C'est vrai si on les compare à l'Europe. Mais ce ne l'est pas si on les compare aux Etats-Unis. Il y a une réalité qui me semble importante, c'est le fait que dans beaucoup de pays musulmans, à l'exception des anciennes républiques communistes où l'influence est quand même beaucoup plus faible, il y a une très forte emprise de la religion. Il y a plusieurs explications. Mais une explication qui me semble importante, c'est que l'islam a été un facteur de résistance au colonialisme. Du coup, cela a rendu moins crédible les critiques de l'islam.

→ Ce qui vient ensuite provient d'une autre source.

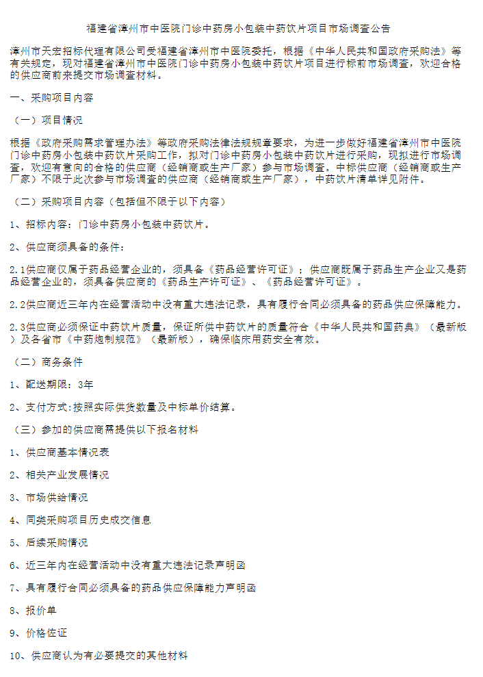 【漳州市中医院】福建省漳州市中医院门诊中药房小包装中药饮片项目市场调查公告招标公告

Pense-t-on qu'il faut attendre d'éradiquer la religion pour pouvoir faire des réformes ou pense-t-on qu'au-delà de la religion, on peut arriver à lancer des réformes? Regardez le Maroc. Le code de la famille, qui était extrêmement réactionnaire, a été réformé par le Roi après plusieurs tentatives qui avaient échoué. Pourquoi le Roi a-t-il réussi? Parce qu'il a justifié toutes ces réformes au nom de l'islam. On ne peut pas aller à l'encontre des sociétés. Des gens disent qu'il vaut mieux des pouvoirs militaires que les islamistes au pouvoir. Il faut refuser cette alternative. Il faut faire évoluer les sociétés qui gardent leur culture, leur religion... Même en Europe où la religion n'a plus la même emprise, elle reste quand même importante. Ce qui est important, c'est de savoir si les régimes de ces Etats sont démocratiques, si les femmes ont des droits égaux à ceux des hommes.

Vous êtes très critique sur le processus qui a mené en France à la législation sur l'interdiction du port de signes religieux ostensibles dans les écoles publiques. La rentrée scolaire qui, finalement, s'est passée sans trop d'incidents n'oppose-t-elle pas un démenti aux craintes que vous nourrissiez sur l'application de cette loi?

Je peux l'interpréter autrement. Il n'y avait pas tellement de cas de «foulards»: 1000 à 1500 cas. Le fait que, sous les menaces d'expulsion, il n'y ait plus eu qu'une centaine de cas, pour moi, c'est plutôt une preuve qu'il n'y avait pas besoin de légiférer. Mais il faut quand même dire un mot des filles qui ont été exclues et de celles qui, à partir de 16 ans, ont renoncé à aller à l'école à cause de cela. Il n'y en aurait qu'une, cela me poserait un problème. De quel droit peut-on justifier le fait que l'on exclue des filles de l'école républicaine? Dernier élément. On a fait la loi; maintenant elle est là, elle est là. Qu'est-ce qui a changé dans la situation des musulmans? Les problèmes ont-ils changé? On sous-estime ce que ce débat d'un an en France a signifié comme stigmatisation des musulmans, y compris des musulmans qui n'ont rien de religieux et qui se sont sentis vraiment agressés. Je pense donc que, malheureusement, l'effet de la loi est négatif. Il favorise le travail de ceux qui, dans les communautés musulmanes, disent: «Nous n'avons rien à faire avec cette société impie, chrétienne... Vivons entre nous. Replions-nous sur nous-mêmes.»

Vous donnez deux explications à cette stigmatisation de la communauté musulmane. D'une part, la difficulté d'intégration par le travail et le passé colonial. Ne faites-vous pas preuve d'angélisme en semblant soustraire le facteur religieux de ce constat?

Je ne dis pas que le facteur religieux ne pèse pas; il ne me semble pas être un obstacle essentiel. Ce qui est un obstacle essentiel aujourd'hui pour ces communautés issues du monde musulman, et cela est plus vrai en France qu'en Belgique, c'est qu'il n'y a aucune représentation de cette communauté; il n'y a pas un député en France qui est d'origine musulmane, qui s'appelle Mohamed ou Fatima. Et quand vous voyez les forces sociales, y compris le mouvement altermondialiste, ce sont tous des Blancs. Cela, c'est un vrai problème.

(*)Éd. Fayard, Paris, 2004, 440 pp., env. 20 €.